What to do:
From the first line to the last, please reproduce the material exactly, skipping the pictures.

Data section:
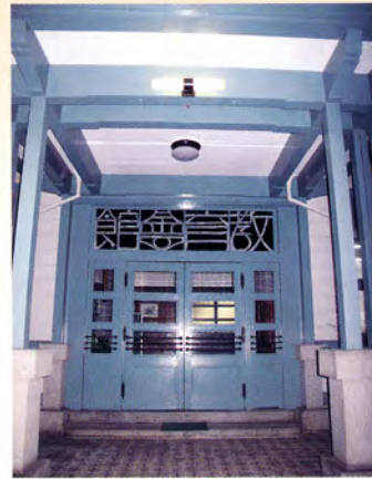
教育会館正面玄関
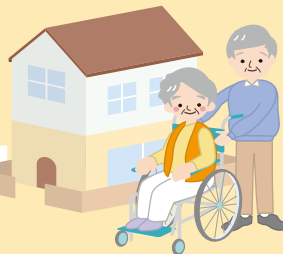
[高齢者] 介護予防・自立支援
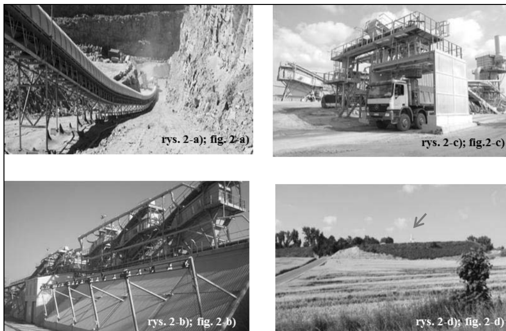
Rys. 2. Ilustracje obiektów kopalni Wieśnica w aspektach bezpieczeństwa HSE: a) zmodyfikowany układ wydobywczy z zastosowaniem transportu przenośnikowego, b) zakład przeróbczy – kompaktowy, zhermetyzowany z instalacją odpylającą, c) stacja załadunkowa kruszyw – z odpylaniem i zraszaniem oraz rękawem teleskopowym, d) widok na kopalnię z drogą przemysłową i kominem stacji odpylania Fig. 2. Illustrating the processes in Wieśnica mine in safety aspects HSE: a) a modified extraction system using staggered transport of the conveyor; b) processing plant – a compact, encapsulated and fired c) the aggregate loading station – with high dust and spraying and telescopic sleeve; d) the views of the mine with road and industrial dust collection station chimney (author T. Wojtaszek)

Łączna wartość inwestycji technicznych rozbudowy kopalni Wieśnica, wyniosła około 36,5 mln zł, w tym wartość zadań, które istotnie poprawiły poziom bezpieczeństwa w kopalni to około 15,5 mln zł. Udział nakładów służących ochronie HSE stanowił 42% wartości inwestycji, a ich strukturę przedstawia rysunek 3.
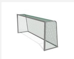
SP.043.1 Jugend Fussballtor - Freistehend
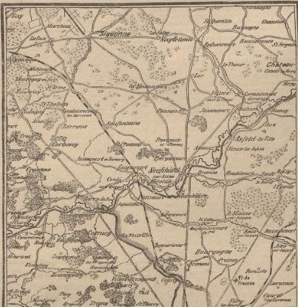
Die Front im Westen. h) Berry au Bac
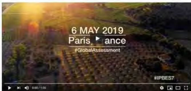
#IPBES7: First Intergovernmental Global Assessment of Biodiversity

Nu klinkt dus een vergelijkbaar alarmsignaal ten aanzien van de mondiale biodiversiteit. Aan dit signaal ligt een omvangrijke studie ten grondslag, naar de oorzaken van de aantasting van biodiversiteit, gevolgen voor de mens en opties om het tij te keren. Honderdvijftig toonaangevende internationale experts uit zo'n vijftig landen hebben aan de studie meegewerkt, ook uit Nederland. Ben je benieuwd
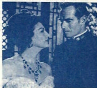
Majoor Matt Lewis (Charlton Heston) begeleidt Baroness Natalia Ivanoff (Ava Gardner) naar een bal op het Brits ge- zantschap.
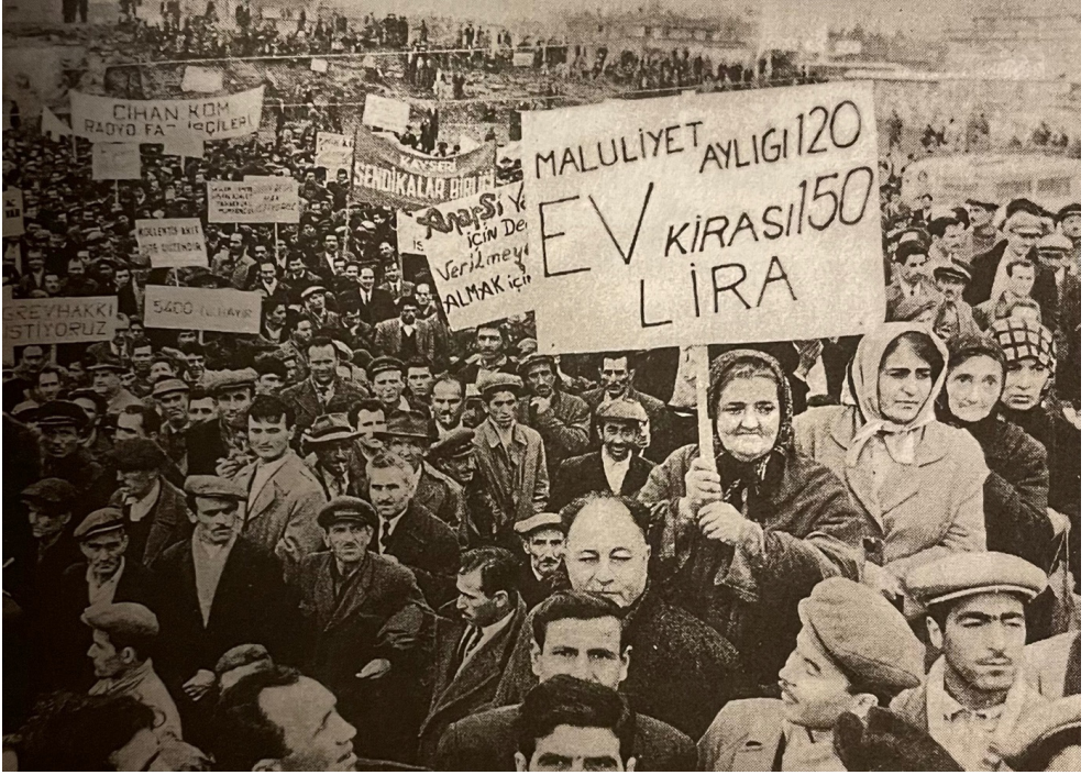
31 Aralık 1961, Saraçhane Mitingi.

Sınıf mücadelesi işyerlerinde sürerken, ancak yıllar sonra 1976 yılında 1 Mayıs, İstanbul'da Taksim Meydanı'nda kutlandı. Devrimci İşçi Sendikaları Konfederasyonu'nun düzenlediği 1976 1 Mayıs'ı, kitlesel 1 Mayıs kutlamalarının yeni bir başlangıcı oldu. Kitlesel anma ve kutlamalar, işçi sınıfının yüzbinlerce işçinin yan yana gelişile ortaya koyduğu gücün ve bu güçle doğal taleplerini kamuoyuna duyurduğu çok önemli bir zemindir. 1 Mayıs, bölünmüş ve ayrı ayrı işyerleri ve kurumlarda parça parça hale getirilmiş işçi sınıfının, kent meydanlarında aynı zamanda buluşmasının ve sözünü söylemesinin gerçekleşmesidir.
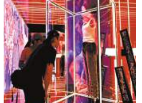
觀眾參觀張國榮在《熱·情演唱會》時穿著的套裝。
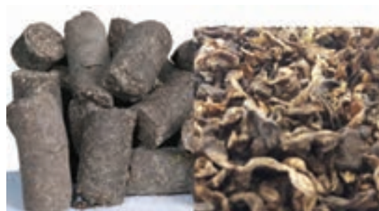
تفاله چغندر قند به صورت پرک و پلت

تفاله چغندر قند: حجیم، خوش خوراک و ارزان است که دارای مواد قندی زیاد بوده و حدود ۹/۶ درصد پروتئین و ۰/۵ درصد چربی است. از نظر کلسیم غنی و از لحاظ فسفر ضعیف می‌باشد. تفاله ممکن است به صورت خشک مصرف شود، اما اکثراً تفاله چغندر را با نسبت مناسب آب مخلوط می‌کنند تا مرطوب شود و بافت مناسبی پیدا کند و سپس در جیره دام وارد می‌کنند.
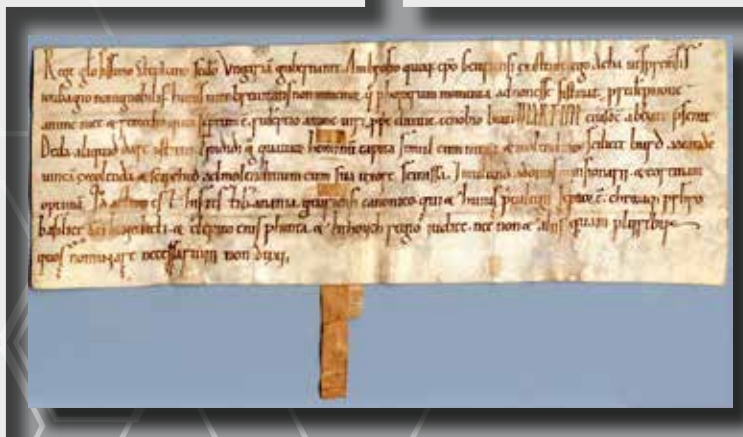
Oklevél a 12. századból

A diplomatikának a 21. század mindennapjaiban is jut élő szerep: a különböző doktori és kitüntető okleveleket, bizonyos egyházi kiadványokat a középkorban rögzült szabályok szerint, latin nyelven is megfogalmazzák.

Response to this exercise:
教育会館正面玄関
[高齢者] 介護予防・自立支援
Rys. 2. Ilustracje obiektów kopalni Wieśnica w aspektach bezpieczeństwa HSE: a) zmodyfikowany układ wydobywczy z zastosowaniem transportu przenośnikowego, b) zakład przeróbczy – kompaktowy, zhermetyzowany z instalacją odpylającą, c) stacja załadunkowa kruszyw – z odpylaniem i zraszaniem oraz rękawem teleskopowym, d) widok na kopalnię z drogą przemysłową i kominem stacji odpylania Fig. 2. Illustrating the processes in Wieśnica mine in safety aspects HSE: a) a modified extraction system using staggered transport of the conveyor; b) processing plant – a compact, encapsulated and fired c) the aggregate loading station – with high dust and spraying and telescopic sleeve; d) the views of the mine with road and industrial dust collection station chimney (author T. Wojtaszek)

Łączna wartość inwestycji technicznych rozbudowy kopalni Wieśnica, wyniosła około 36,5 mln zł, w tym wartość zadań, które istotnie poprawiły poziom bezpieczeństwa w kopalni to około 15,5 mln zł. Udział nakładów służących ochronie HSE stanowił 42% wartości inwestycji, a ich strukturę przedstawia rysunek 3.
SP.043.1 Jugend Fussballtor - Freistehend
Die Front im Westen. h) Berry au Bac
#IPBES7: First Intergovernmental Global Assessment of Biodiversity

Nu klinkt dus een vergelijkbaar alarmsignaal ten aanzien van de mondiale biodiversiteit. Aan dit signaal ligt een omvangrijke studie ten grondslag, naar de oorzaken van de aantasting van biodiversiteit, gevolgen voor de mens en opties om het tij te keren. Honderdvijftig toonaangevende internationale experts uit zo'n vijftig landen hebben aan de studie meegewerkt, ook uit Nederland. Ben je benieuwd
Majoor Matt Lewis (Charlton Heston) begeleidt Baroness Natalia Ivanoff (Ava Gardner) naar een bal op het Brits ge- zantschap.
31 Aralık 1961, Saraçhane Mitingi.

Sınıf mücadelesi işyerlerinde sürerken, ancak yıllar sonra 1976 yılında 1 Mayıs, İstanbul'da Taksim Meydanı'nda kutlandı. Devrimci İşçi Sendikaları Konfederasyonu'nun düzenlediği 1976 1 Mayıs'ı, kitlesel 1 Mayıs kutlamalarının yeni bir başlangıcı oldu. Kitlesel anma ve kutlamalar, işçi sınıfının yüzbinlerce işçinin yan yana gelişile ortaya koyduğu gücün ve bu güçle doğal taleplerini kamuoyuna duyurduğu çok önemli bir zemindir. 1 Mayıs, bölünmüş ve ayrı ayrı işyerleri ve kurumlarda parça parça hale getirilmiş işçi sınıfının, kent meydanlarında aynı zamanda buluşmasının ve sözünü söylemesinin gerçekleşmesidir.
觀眾參觀張國榮在《熱·情演唱會》時穿著的套裝。
تفاله چغندر قند به صورت پرک و پلت

تفاله چغندر قند: حجیم، خوش خوراک و ارزان است که دارای مواد قندی زیاد بوده و حدود ۹/۶ درصد پروتئین و ۰/۵ درصد چربی است. از نظر کلسیم غنی و از لحاظ فسفر ضعیف می‌باشد. تفاله ممکن است به صورت خشک مصرف شود، اما اکثراً تفاله چغندر را با نسبت مناسب آب مخلوط می‌کنند تا مرطوب شود و بافت مناسبی پیدا کند و سپس در جیره دام وارد می‌کنند.
Oklevél a 12. századból

A diplomatikának a 21. század mindennapjaiban is jut élő szerep: a különböző doktori és kitüntető okleveleket, bizonyos egyházi kiadványokat a középkorban rögzült szabályok szerint, latin nyelven is megfogalmazzák.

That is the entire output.